- Born: November 20, 1921 Detroit, Michigan, U.S.
- Died: June 29, 2003 (aged 81) Wayne, New Jersey, U.S.
- Genres: Jazz
- Occupation: Catholic priest
- Instrument: Piano

= Norman O'Connor =

American Catholic priest (1921–2003)

Norman James O'Connor, CSP (November 20, 1921 - June 29, 2003), also known as The Jazz Priest, was an American Paulist priest known for playing and promoting jazz music.

== Biography ==
O'Connor became interested in jazz music at an early age and played piano with local jazz bands while in high school.
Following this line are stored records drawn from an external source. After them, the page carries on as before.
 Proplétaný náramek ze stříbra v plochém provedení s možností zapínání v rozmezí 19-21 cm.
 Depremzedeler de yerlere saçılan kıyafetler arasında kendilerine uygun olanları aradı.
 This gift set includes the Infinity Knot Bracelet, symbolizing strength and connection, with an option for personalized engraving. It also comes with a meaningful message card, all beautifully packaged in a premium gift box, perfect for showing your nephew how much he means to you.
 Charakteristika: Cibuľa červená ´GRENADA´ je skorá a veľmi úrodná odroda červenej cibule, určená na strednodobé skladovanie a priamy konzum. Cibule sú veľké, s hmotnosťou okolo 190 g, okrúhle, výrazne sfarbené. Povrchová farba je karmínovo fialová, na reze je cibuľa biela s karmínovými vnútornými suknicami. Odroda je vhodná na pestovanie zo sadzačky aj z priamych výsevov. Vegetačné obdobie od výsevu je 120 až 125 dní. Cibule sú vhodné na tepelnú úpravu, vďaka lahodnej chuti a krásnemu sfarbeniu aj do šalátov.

He continued to work occasionally as a musician into the 1940s, but had abandoned the thought of music as a career by the time he enrolled at Catholic University of America in Washington, D.C. He wrote his doctoral thesis on the aesthetics of popular music.
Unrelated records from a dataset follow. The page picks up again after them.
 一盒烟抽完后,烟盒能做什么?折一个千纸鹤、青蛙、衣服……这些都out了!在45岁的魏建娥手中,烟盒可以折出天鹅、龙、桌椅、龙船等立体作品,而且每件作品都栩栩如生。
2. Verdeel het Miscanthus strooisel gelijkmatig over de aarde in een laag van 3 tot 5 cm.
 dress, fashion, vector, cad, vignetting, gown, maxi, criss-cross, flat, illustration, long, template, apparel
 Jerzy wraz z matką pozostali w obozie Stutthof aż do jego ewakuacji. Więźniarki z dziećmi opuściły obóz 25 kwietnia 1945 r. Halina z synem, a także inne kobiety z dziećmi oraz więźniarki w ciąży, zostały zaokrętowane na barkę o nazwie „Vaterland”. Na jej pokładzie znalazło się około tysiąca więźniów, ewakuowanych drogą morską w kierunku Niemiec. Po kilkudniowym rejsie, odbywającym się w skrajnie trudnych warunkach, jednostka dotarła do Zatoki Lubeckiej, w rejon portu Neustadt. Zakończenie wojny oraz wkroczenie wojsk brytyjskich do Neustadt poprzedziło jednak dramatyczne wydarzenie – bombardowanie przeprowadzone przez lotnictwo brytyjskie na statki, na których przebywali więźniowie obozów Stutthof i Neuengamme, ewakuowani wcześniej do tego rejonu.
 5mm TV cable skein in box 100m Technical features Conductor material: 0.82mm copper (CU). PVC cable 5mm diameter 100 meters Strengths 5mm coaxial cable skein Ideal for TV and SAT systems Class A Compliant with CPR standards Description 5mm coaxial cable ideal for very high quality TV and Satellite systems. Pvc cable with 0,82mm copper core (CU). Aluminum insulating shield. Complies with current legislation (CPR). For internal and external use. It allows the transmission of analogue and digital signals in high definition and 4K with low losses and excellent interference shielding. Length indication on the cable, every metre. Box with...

He was ordained as a Catholic priest of the Paulist order in 1948. In 1951, he became the Catholic chaplain at Boston University. In 1954 he served on the board of the first Newport Jazz Festival and appeared at the event in his priest collar, acting as master of ceremonies for concerts and moderator of panel discussions. His introduction of John Coltrane at the festival in 1965 can be heard on Coltrane's New Thing at Newport (as well as My Favorite Things: Coltrane at Newport), and his introduction of Dave Brubeck at the 1971 festival can be heard on Brubeck's The Last Set at Newport. O'Connor also introduced Duke Ellington and the members of his orchestra (along with personal quips) at the 1956 Festival, as heard on Ellington's Ellington at Newport.
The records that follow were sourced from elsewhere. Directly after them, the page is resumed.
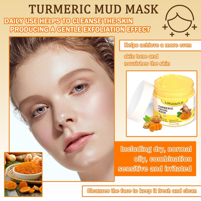 Turmeric Clay Facial Mask,Oil Control Long Lasting Moisturizing Deep Cleansing Face Mud Mask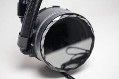 Für die Umsetzung der Beleuchtung kommen jeweils 12 adressierbare RGB-LEDs in der Lüfternabe zum Einsatz. Die Ansteuerung der LEDs erfolgt dabei über einen proprietären Anschluss, der mittels Adapter aber in einen herkömmlichen 5V-3-Pin-ARGB-Stecker umgewandelt und mit dem RGB-Kabel der Pumpe verbunden werden kann.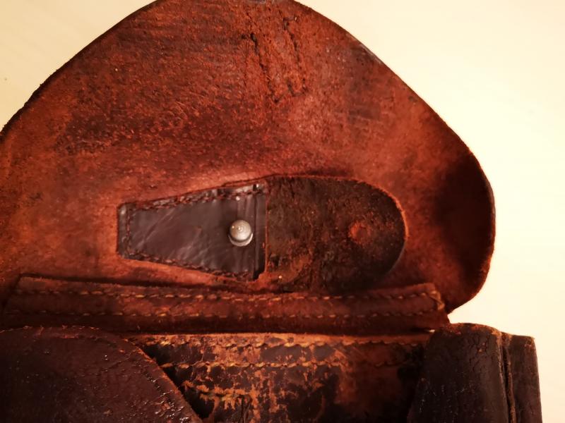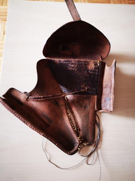 Decidí que adaptaría unas nuevas trabillas traseras. Encontré el cuero necesario en calidad, grosor y mas o menos el color, en una funda sueca para Lahti/Husqvarna.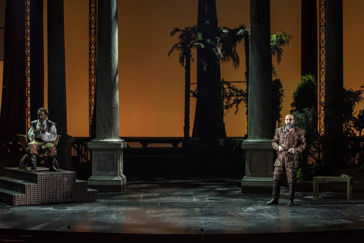 Réalisée par l’assistant de Stefano Mazzonis di Pralafera, Gianni Santucci, la mise en scène, importée de l’institution wallonne, témoigne des arbitrages esthétiques de l’Italien, préférant l’illustration relativement traditionnelle à quelque prétention avant-gardiste en cour dans plus d’une maison européenne. Averti ou néophyte, la compréhension du mélomane n’est jamais parasitée par des élucubrations parfois discutables. Dans la tragédie de la jalousie et de la manipulation du Maure de Venise adaptée de Shakespeare, le décor dessiné par Carlo Sala, fait de toiles, rideaux et colonnades, avec quelques enseignes frappées de l’effigie du Lion de Saint-Marc en fils dorés, résume efficacement l’atmosphère, avec l’appoint des lumières de Franco Marri – reprises par Sylvain Geerts – modulant la chaleur de la fête ou les teintes et les ombres nocturnes du duo d’amour. Conçus par Fernand Ruiz, les costumes ajoutent une belle chamarre à un ensemble porté par une direction d’acteurs d’une fluidité et d’une précision perfectibles, et qui s’autorise quelques ajouts dramaturgiques d’un intérêt finalement modeste, tels le poignard avec lequel Otello tue son épouse – plutôt que de l’étouffer –, l’exercice d’une vengeance fatale exercée par Cassio sur Jago, alors que le texte évoque une fuite de l’intrigant méphistophélique, ou encore les praticables sur lesquels sont déplacés les protagonistes, peut-être comme des pantins de l’échiquier vengeur de Jago.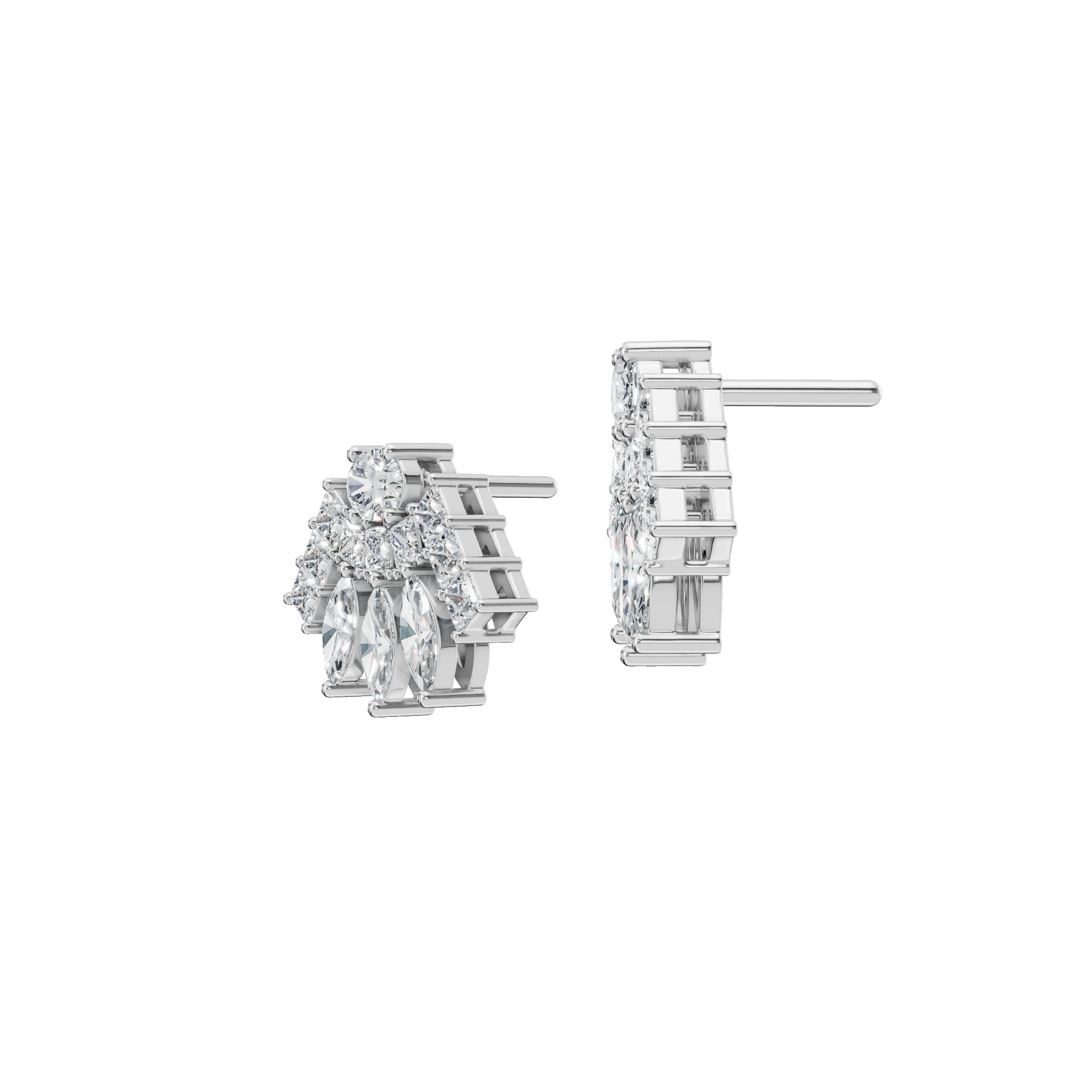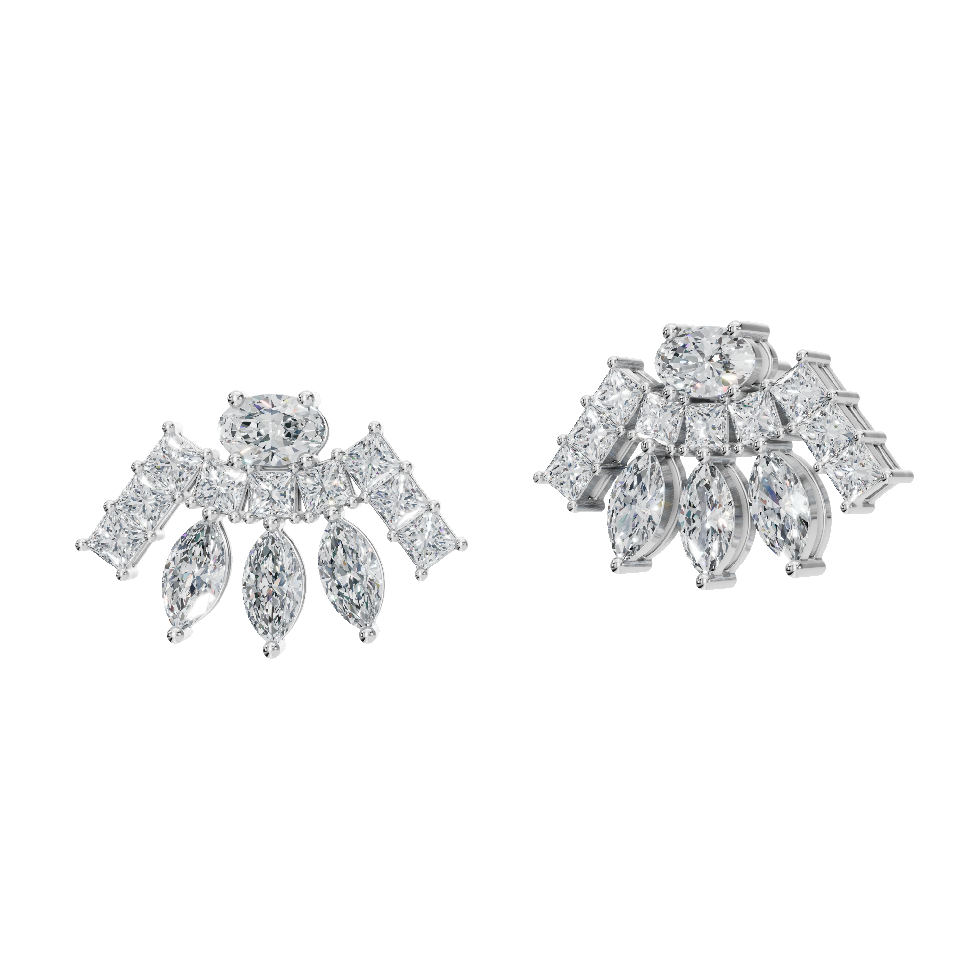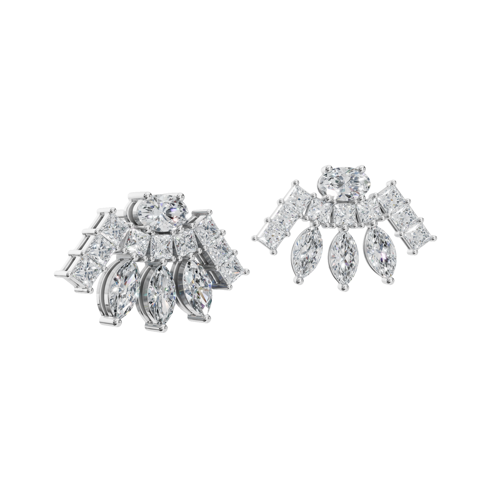 Indulge in refined brilliance with the Gold Fancy-Cut Lab Grown Diamond Fan Earrings, a striking expression of modern luxury and timeless artistry. Designed to captivate from every angle, these earrings celebrate the harmony of exquisite craftsmanship and contemporary elegance. Each earring features a radiant fan-shaped silhouette, meticulously composed of fancy-cut lab grown diamonds-including marquise, princess, and round cuts-expertly arranged to create depth, movement, and exceptional sparkle. Each earring features a radiant fan-shaped silhouette, meticulously composed of fancy-cut lab grown diamonds-including marquise, princess, and round cuts—expertly arranged to create depth, movement, and exceptional sparkle.

O'Connor wrote a weekly jazz column for The Boston Globe and freelanced for Down Beat, Metronome, and other music magazines. He did jazz radio shows on WGBH-FM for many years previous to, and overlapping with, the advent of TV at WGBH, in 1955. When television started, he continued in the new medium on Jazz with Father O'Connor. His guests included national jazz figures, like Cannonball Adderley and George Shearing, among others, as well as local Boston musicians like "Boots" Mussulli, Herb Pomeroy and Al and Buzzy Drootin.

In 1962, O'Connor became the director of radio and television for the Paulist Fathers in New York City. He also hosted a syndicated radio show and the local TV show, "Dial M for Music", on WCBS-TV (New York City). The show was popular in the New York area, and many great jazz musicians performed on it; including Duke Ellington (in a trio with Horace Silver and Johnny Hodges), The Modern Jazz Quartet, Thad Jones/Mel Lewis Big Band, Bill Evans, Woody Herman, Maynard Ferguson, Peggy Lee, Mongo Santamaría, Gene Krupa, and Joe Williams, among others. O'Connor became a fixture on the New York jazz scene, and remained one even after being named director of the Mount Paul Novitiate, a church training center in Oak Ridge, New Jersey, four years later.

In 1980, O'Connor was hired as the executive director of Straight and Narrow, a drug and alcohol treatment center in Paterson, New Jersey. In his later years, his profile in the jazz world became considerably lower. Nevertheless, he remained the "Jazz Priest" to the end, producing benefit concerts by Marian McPartland and other musicians for Straight and Narrow with the help of his longtime friend George Wein. O'Connor retired in 2002.

He died of a heart attack at the age of 81 in Wayne, New Jersey, on June 29, 2003.